A hallmark of somatosensory cortical plasticity is that topography dictates patterns of reorganization, with near neighbors in the sensory map prominently involved in the remodeling after peripheral deprivation. The most common type of reorganization is a reactivation of the region deprived of its dominant inputs by other intact inputs that are physically adjacent to the deprived representation. However, this is not, by any means, the rule. The source of the reactivating inputs can vary with different types of injury. Moreover, there appears to be a relatively rigid pecking order that governs which inputs are favored in the competition for the deprived space. The process by which inputs reactivate sensory representations after peripheral denervation is rather like the "if-then" clause used in computer programming. If any of the dominant inputs to a region are spared by the deafferentation procedure, they have preferential access to the deprived zone. If all dominant inputs are completely eliminated, then alternative inputs dominate the reactivation. Even among the alternatives, there seems to be a hierarchy so that some alternates are preferred over others. The evidence for such a pecking order is discussed below.

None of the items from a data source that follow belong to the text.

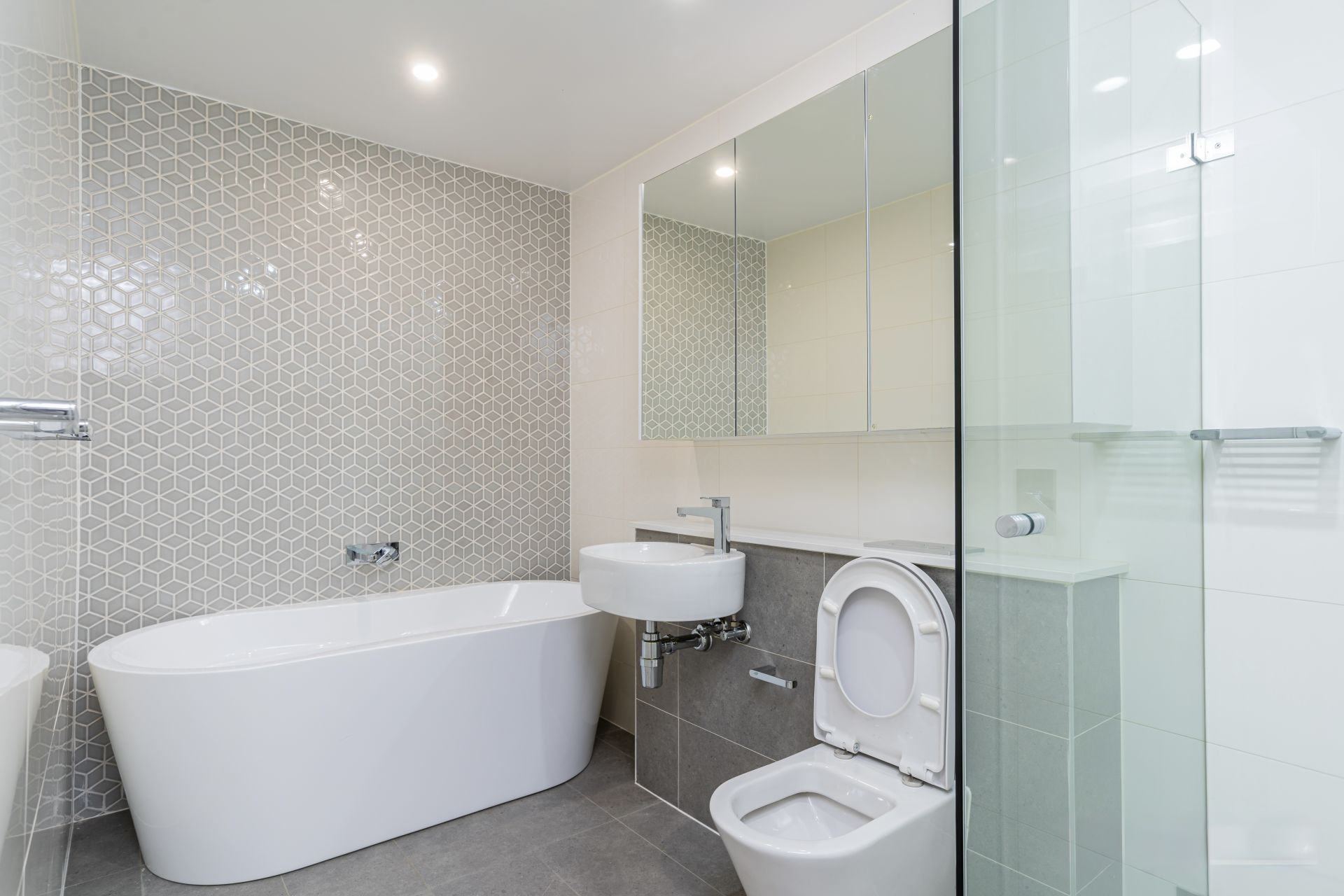 - Sleek bathrooms one with shower and bath tub
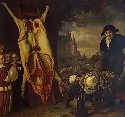 Van der Helst also painted a number of genre scenes. An example of a genre scene by van der Helst is the View of the Nieuwmarkt (1638, Hermitage Museum, Saint Petersburg), which combines still life, cityscape and figure piece. The composition shows an old woman holding a big wheelbarrow full of vegetables. On her left hangs the carcass of large slaughtered pig. Next to the pig are four children, one of whom blows the pig's bladder while the others look at the viewer. In the background is a view on the Nieuwmarkt with the Sint Anthoniswaag. This work was probably made for van der Helst's private use as it likely depicts the view from his house on the Nieuwmarkt.[4]
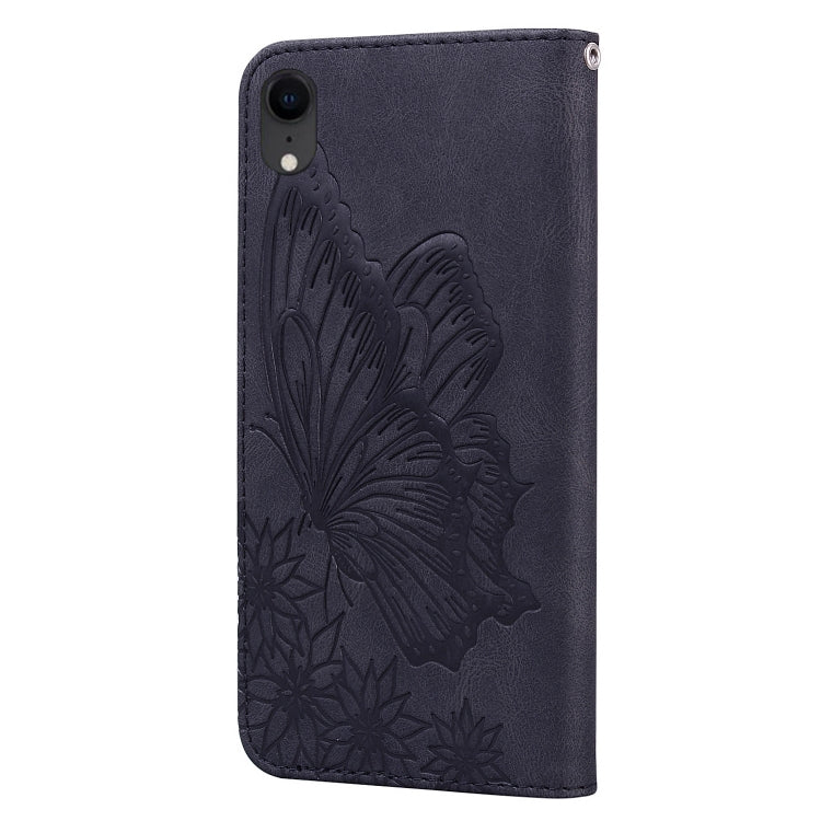 For iPhone XR Retro Skin Feel Butterflies Embossing Horizontal Flip Leather Case with Holder & Card Slots & Wallet(Black)
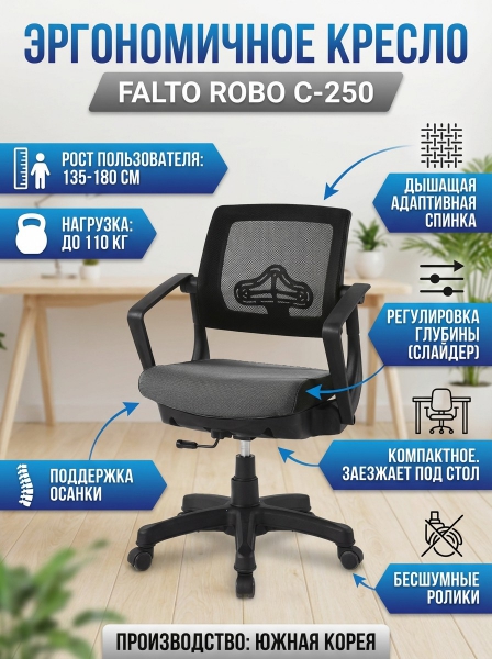 Эргономичное кресло Falto Robo С-250 черный каркас - Описание
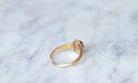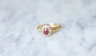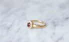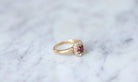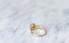 Daisy engagement ring in 18Kt rose gold (hallmark: owl), the center of which is adorned with a ruby weighing approximately 0.30 Ct in a setting of rose-cut diamonds. Total weight of diamonds estimated at approximately 0.10 Ct. French work from the 19th Century. Gross weight: 2.34g Pattern height: 1.00 cm Finger size: 54 (diameter 16.75 / US 6.25). Condition: very light micro scratches and oxidation on the gold parts, slight wear of the setting, and natural inclusions in the stones, some shocks and losses on the diamonds, see photos.

For the most part, experimental protocols for sensory denervation completely eliminate the dominant inputs to a sensory representation. For example, nerve transection produces a robust and verifiable deprivation to a readily delineated region of the sensory epithelium, particularly in the core region of the deprived zone away from borders where the peripheral innervation from other sensory nerves may partially overlap the territory of the transected nerve.3 Amputation is an even better example of an easily demarcated sensory denervation.4 However, in other cases, it can be difficult to completely eliminate all sensory inputs to the targeted portion of the sensory map. This is particularly troublesome in studies that involve transection of the spinal tracts. The optimal strategy dictates that the spinal gray is left intact as much as possible, and thus sensory fibers that course near the gray matter often escape transection. However, these unwanted outcomes from studies of the effects of spinal cord injury have proven to be informative for questions regarding the hierarchy of deprivation-induced takeovers.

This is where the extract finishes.